Here's How You Turn the Police State Against Itself to Create Better Government

With the exponential growth of an incredibly intrusive surveillance state threatening to virtually destroy the Bill of Rights and the privacy of millions of Americans, the possibility of repealing or severely scaling back a federalized Big Brother in the United States seems remote. The technology at the state's fingertips, combined with political representation which loves having their eyes on our emails, phone calls, and wallets, make the struggle for civil liberties even more daunting.

Like it or not, the technology that enabled the U.S. to erect a vast network of surveillance and spy agencies is here to stay. But rather than look to Congress or political reform to limit the excesses of the surveillance state, creating millions of Little Brothers with their eyes carefully watching those in power may be the most effective way of keeping government in check and safeguarding constitutional liberties.

In a recent article at Reason, Ronald Bailey discusses one of the many benefits of Manhattan Federal District Court Judge Shira A. Scheindlin's recent challenge to New York City's stop-and-frisk program.
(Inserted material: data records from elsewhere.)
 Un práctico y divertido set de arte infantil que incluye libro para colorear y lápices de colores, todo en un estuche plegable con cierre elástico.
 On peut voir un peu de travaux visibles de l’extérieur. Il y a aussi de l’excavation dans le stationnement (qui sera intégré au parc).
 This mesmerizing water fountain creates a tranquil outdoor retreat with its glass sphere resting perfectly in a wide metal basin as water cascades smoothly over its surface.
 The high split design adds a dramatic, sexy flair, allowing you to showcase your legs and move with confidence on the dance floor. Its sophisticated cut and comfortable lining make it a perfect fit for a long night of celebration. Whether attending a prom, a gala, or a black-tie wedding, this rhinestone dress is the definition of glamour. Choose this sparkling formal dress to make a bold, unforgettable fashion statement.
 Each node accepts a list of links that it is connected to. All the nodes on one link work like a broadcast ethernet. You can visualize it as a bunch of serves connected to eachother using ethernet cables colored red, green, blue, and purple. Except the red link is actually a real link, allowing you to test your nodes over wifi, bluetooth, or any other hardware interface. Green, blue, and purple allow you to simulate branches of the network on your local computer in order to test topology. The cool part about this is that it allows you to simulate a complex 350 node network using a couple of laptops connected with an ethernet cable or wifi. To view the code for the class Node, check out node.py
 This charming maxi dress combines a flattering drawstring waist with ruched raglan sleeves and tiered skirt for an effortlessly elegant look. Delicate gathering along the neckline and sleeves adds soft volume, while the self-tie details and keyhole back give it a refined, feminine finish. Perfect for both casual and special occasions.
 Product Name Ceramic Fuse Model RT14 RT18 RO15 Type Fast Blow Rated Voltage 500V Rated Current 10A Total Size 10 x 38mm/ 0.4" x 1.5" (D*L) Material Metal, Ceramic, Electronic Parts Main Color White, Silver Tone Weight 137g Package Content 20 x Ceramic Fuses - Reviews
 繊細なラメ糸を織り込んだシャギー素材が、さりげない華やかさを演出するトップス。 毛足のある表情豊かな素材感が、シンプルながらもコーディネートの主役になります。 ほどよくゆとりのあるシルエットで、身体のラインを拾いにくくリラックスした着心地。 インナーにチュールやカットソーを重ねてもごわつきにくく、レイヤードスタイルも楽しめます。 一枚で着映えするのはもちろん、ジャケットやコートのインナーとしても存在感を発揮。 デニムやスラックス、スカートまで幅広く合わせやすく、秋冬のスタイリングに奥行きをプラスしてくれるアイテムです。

In addition to finding the policy unconstitutional, Scheindlin also wants police officers in the areas of New York with the highest stop-and-frisk incidents to wear video cameras for one year.
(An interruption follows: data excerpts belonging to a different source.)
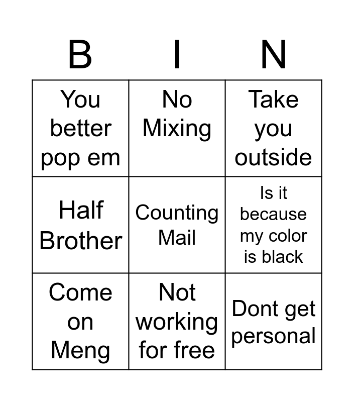 This bingo card has 9 words: Come on Meng, Take you outside, No Mixing, Half Brother, You better pop em, Is it because my color is black, Counting Mail, Dont get personal and Not working for free.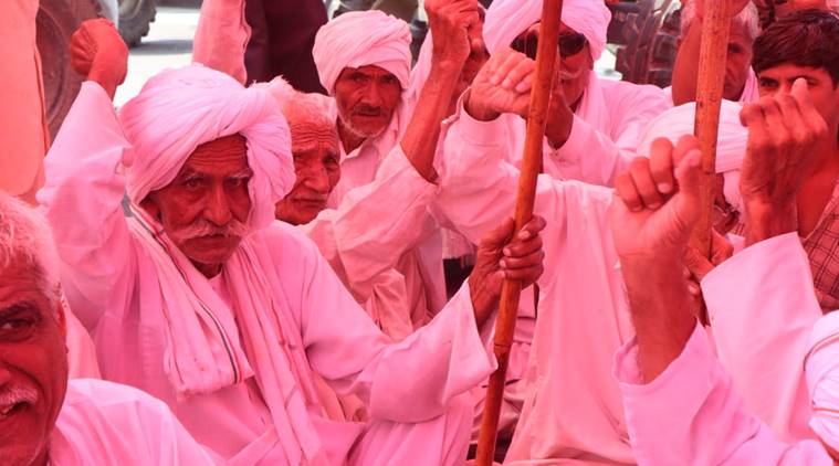 A farmers' union affiliated to the Left parties stage a protest in Hyderabad on Friday. (Express photo/Rahul Pisharody)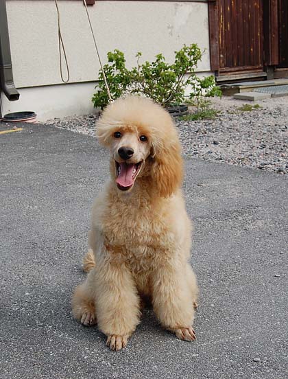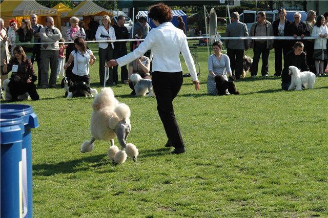 Я выставила свою собаку, полюбовалась на финских пуделей и щенков. Сделала тест своей малой черной Соньке на коленки. Тест надо заметить отличный! Благодаря Алле Игоревне я познакомилась с г-м Ханнелиусом и поупражнялась в разговорном английском)))))). Алла Игоревна, БОЛЬШОЕ спасибо за чудесно организованную поездку, моей благодарности нет границ. Теперь немного фотографий. Это малый абрикосовый кобель, возраст около 4-х месяцев of Hannelhill James Bond |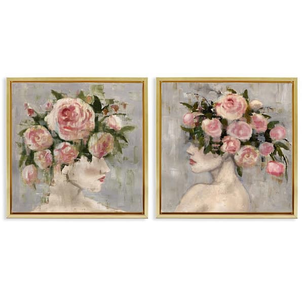 Surreal Women with Roses by Charity Henderson 2-Pieces Gold Floater Frame People Graphic Art Print 25 in. x 25 in.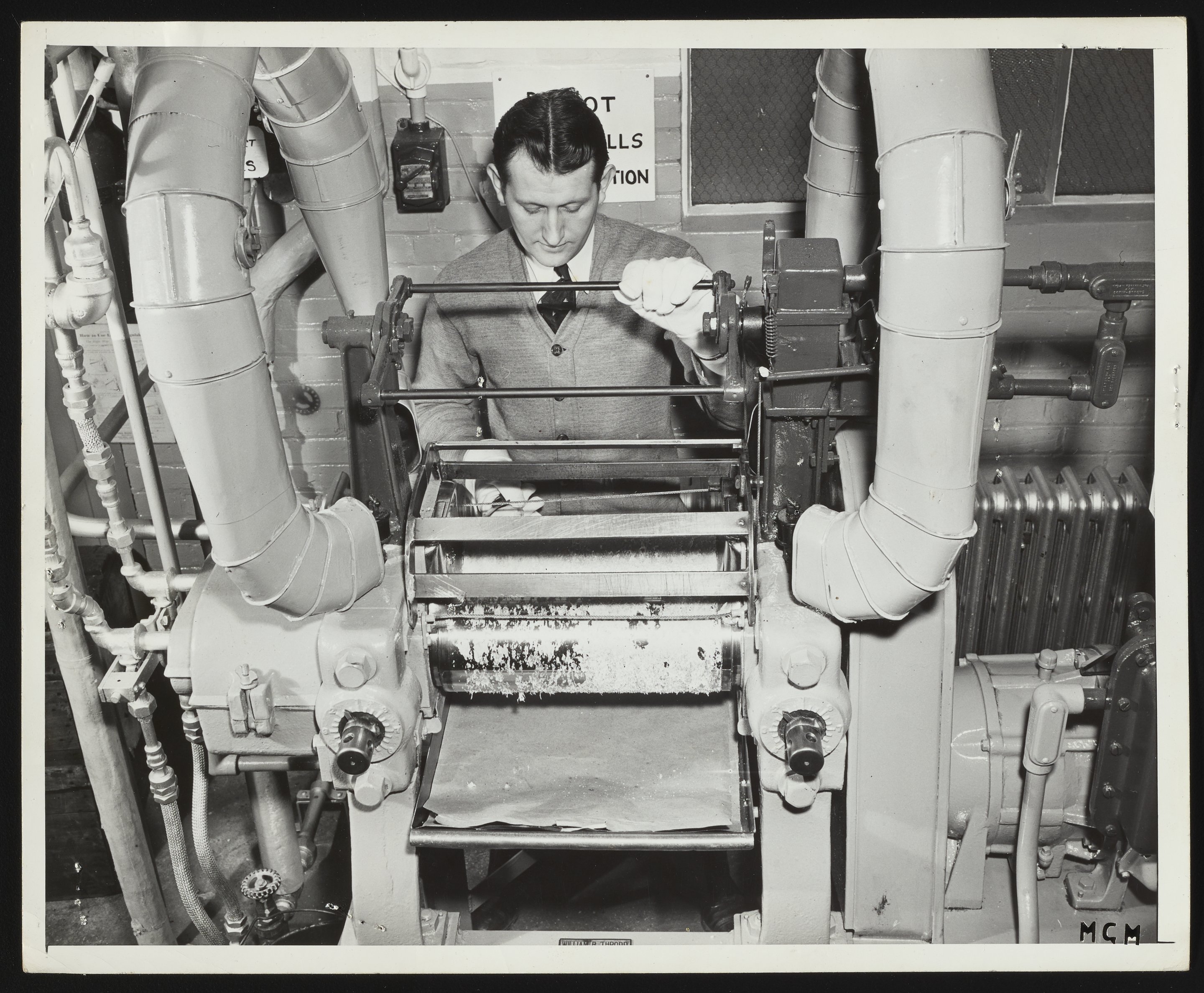 Hercules Incorporated. “Felix G. Nakielny Operating Two-Roll Mill in Hercules Experimental Plastics Laboratory ,” January 1945. Photographs from the Records & Ephemera of Hercules Incorporated, Box 2, Folder 26. Science History Institute. Philadelphia. https://digital.sciencehistory.org/works/d504rk955.

As Bailey argues, "Earlier this year, a 12-month study by Cambridge University researchers revealed that when the city of Rialto, California, required its cops to wear cameras, the number of complaints filed against officers fell by 88% and the use of force by officers dropped by almost 60%. Watched cops are polite cops."

Watch how the cameras affected the way Rialto's officers acted below:

If the Cambridge University study is any indication of success, then Scheindlin's ruling that NYPD officers must wear cameras on their badges is both a model for the entire country, a victory for civil liberties, and proof that the same tools used to shred our privacy rights can be used against the state to restrain it.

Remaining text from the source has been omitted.